Afghan President Hamid Karzai’s powerful cousin, a close ally of presidential candidate Ashraf Ghani, was killed in a suicide bomb attack yesterday, officials said, deepening strains over an election marred by fraud and under a UN-monitored review.

Hashmat Karzai was hosting an event for the Eid al-Fitr holiday at his home in the southern province of Kandahar, the cradle of the Taliban insurgency, when a man posing as a guest and described as well-dressed set off explosives, the local governor’s office said. No one else was killed in the attack.

There was no immediate claim of responsibility.

The motives for the assassination were not immediately clear, but the killing deals another setback to hopes that the deadlock over the electoral contest to replace Karzai as president will be quickly resolved.

A new president was initially due to be sworn in on Saturday, but Western diplomats say it could take weeks, possibly months, before a new leader officially takes office.
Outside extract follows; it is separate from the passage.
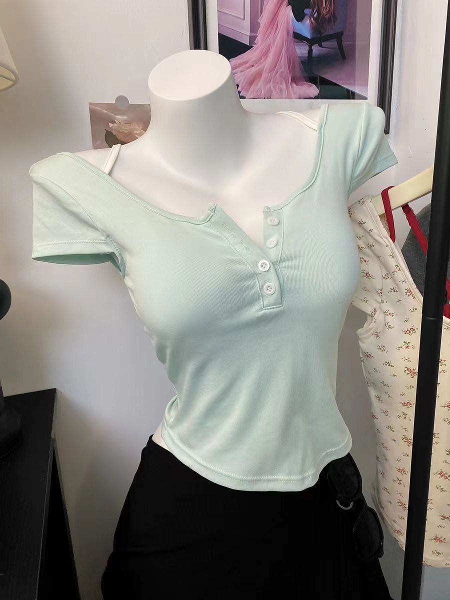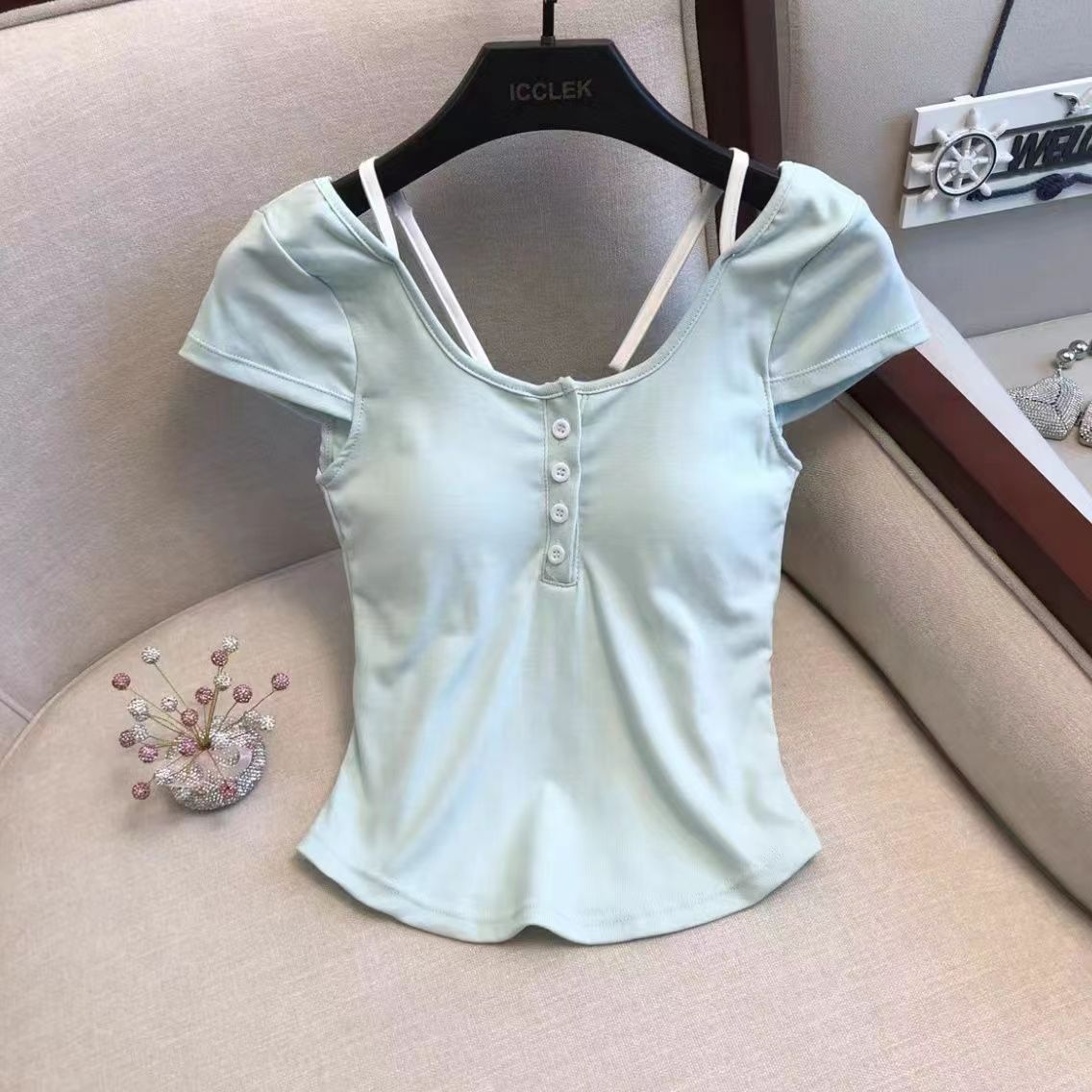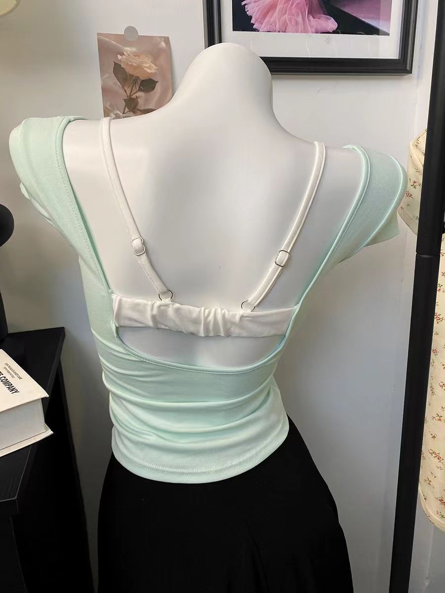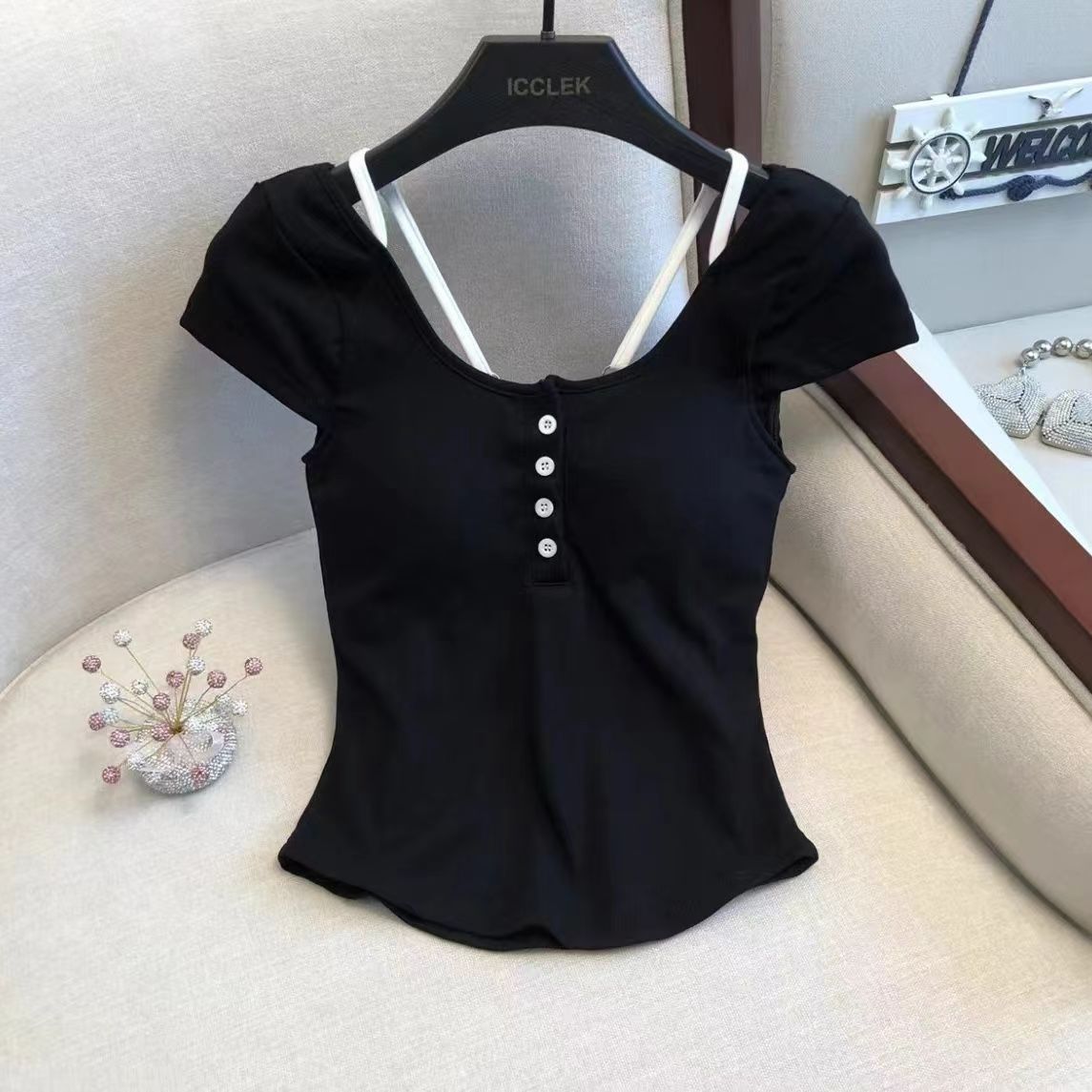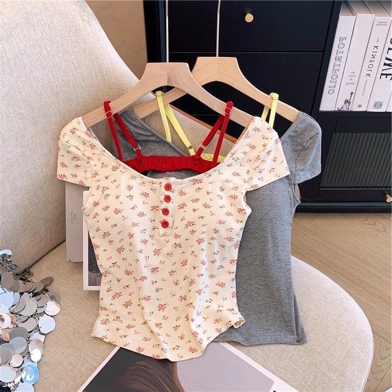 스파이스 걸스 퓨어 원해요 가짜 투피스 콘트라스트 컬러 플로럴 티셔츠 여성용 슬림핏 올매치 아우터 쇼트탑 여성용 브래킷 패드 아름다운 등스토어 가기

The delays have fuelled security concerns and uncertainty now hangs over a deal to keep US troops in the country beyond the end of the year.

Sources have expressed anxiety about continued bickering between Ghani and his rival Abdullah Abdullah despite a US-brokered agreement this month to put aside their differences for the sake of national peace.

US Secretary of State John Kerry, who visited Kabul this month, will probably have to make a follow-up visit to cajole Ghani, the winner according to provincial results, and Abdullah into forming a unity government, US officials say.

US President Barack Obama has also urged the two Afghan candidates to iron out their differences.

An influential power broker in Kandahar province, Hashmat Karzai lived in the family’s hometown and famously kept a pet lion and other exotic animals at his villa.

His early support for Ghani ahead of the first round of the election drew attention to deep tribal divisions emerging in the Pashtun south and to an ongoing feud between Hashmat Karzai and his cousin, the President.

Hashmat’s influence in the province, a stronghold of the Pashtun ethnic majority, grew after the 2011 murder of another powerful relative, the President’s half-brother Ahmed Wali.